Soil moisture (SM) is a key factor in the surface water cycle, affecting the water–heat exchange in global surface processes [1,2]. It also has important effects on plant productivity, soil biology, geochemistry, and surface hydrology [3,4]. The surface SM product data estimated by satellite remote sensing technology have been widely used in drought monitoring and climate modeling [5,6]. However, its application in regional hydrology and agriculture is limited due to its low resolution, in which the spatial resolution of SM products needs to be at least 1 km [6,7]. Considerable effort has focused on developing SMD approaches to improve the spatial resolution of SM products retrieved from satellites [6,7,8,9,10,11,12].

Microwaves are particularly sensitive to moisture, have a certain penetrability to the surface, and are less affected by weather during data acquisition; thus, microwave remote sensing has always been highly valued in monitoring the SM of the continent. The most widely used SM products are the Advanced Microwave Scanning Radiometer(AMSR)-Earth Observing System SM, Soil Moisture and Ocean Salinity(SMOS) SM, and Soil Moisture Active Passive (SMAP) SM [7,8,9,10,11,12,13,14]. The feasibility and accuracy of these products have been verified for global application, but their resolutions are low, generally tens of kilometers [13,14,15,16,17,18,19,20,21,22]. If the coarse spatial resolution of SM product data can be improved by downscaling, then they will be more widely used.

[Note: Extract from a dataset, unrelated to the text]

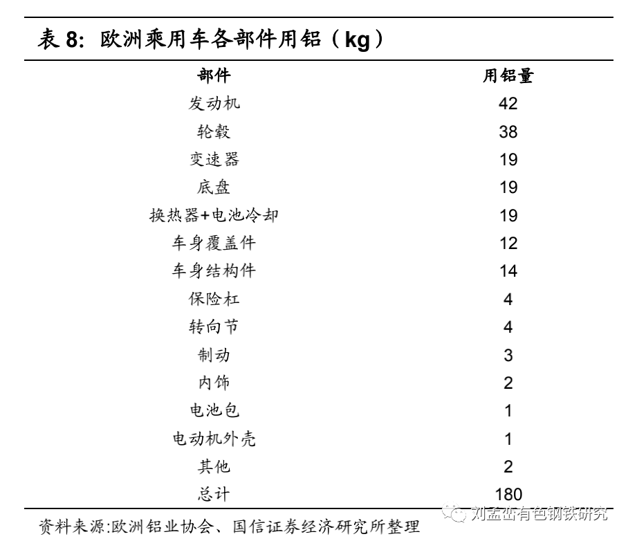 汽车用再生铝面临新挑战。近年来随着新能源汽车普及,汽车当中的铝应用形式发生了改变。根据欧洲铝业协会对欧洲在产乘用车,包括燃油车和电动车所用铝部件进行统计,得出各个部分的用铝量平均值如下表所示,并认为随着电动车逐渐普及,汽车发动机用铝量、变速器用铝量将逐年下降,电池包、车身覆盖件、电动机外壳等部位用铝量将显著增加。该趋势同样适用于我国,随着汽车电动化推进,再生铝的重要消费领域燃油车发动机缸体缸盖、变速箱需求减少,而电动车新增用铝部件如电池包等很少使用再生铝,因此铝铸件包括再生铝在汽车用铝中的占比有可能减少。

Downscaling studies and products are well reviewed in the literature [6,7,8]. Various downscaling methods or algorithms can be divided into empirical [9,10,11,12,13,14,15,22,23,24,25,26,27,28,29,30,31,32], semi-empirical [33,34,35] and physical model based methods [36], of which the first method is the most widely used. The principle of the empirical downscaling method is that a model is first constructed based on coarse-scale SM data and high-resolution optical/infrared remote sensing data. Then, high-spatial resolution data, which are used as predictors, are input into the model to calculate the downscaled SM. The polynomial regression function is the most commonly used empirical spatial downscaling relational model. The high-resolution data used as predictors originate from optical and infrared remote sensing observations and usually include land surface temperature (LST) and vegetation index (VI) [29]. In addition, surface albedo (ALB), elevation and slope aspect, meteorological, evapotranspiration (ET), and radar data have also been used in downscaling studies [24,29,36,37].

In recent years, much progress has been attained in geoscience modeling by using artificial intelligence (AI), machine learning (ML), and deep learning (DL). DL is a subset of ML, and ML is a subclass of AI. Undeniably, advanced ML methods should be employed to solve problems in the earth sciences, as they enable researchers to solve many difficult problems [38]. Moreover, ML algorithms can describe the nonlinear relationship between SM and downscaling factors. Numerous researchers have attempted to downscale SM data based on ML by using the random forest (RF) [12,23,39], support vector machine, and artificial neural network [12,40,41]. These models have their own advantages and disadvantages, and their applicability is usually affected by the selection of training data, downscaling factors, and characteristics of study areas [8,12,39].

As DL methods can effectively discover more complex correlations between prediction variables and input coarse-scale SM data [38,42], researchers have also explored DL-based downscaling methods [39,43,44,45]. However, exploration in this area still needs to be developed. Therefore, a spatial DL-based method combined with the deep belief network (DBN) is presented in this study for downscaling SMAP SM data.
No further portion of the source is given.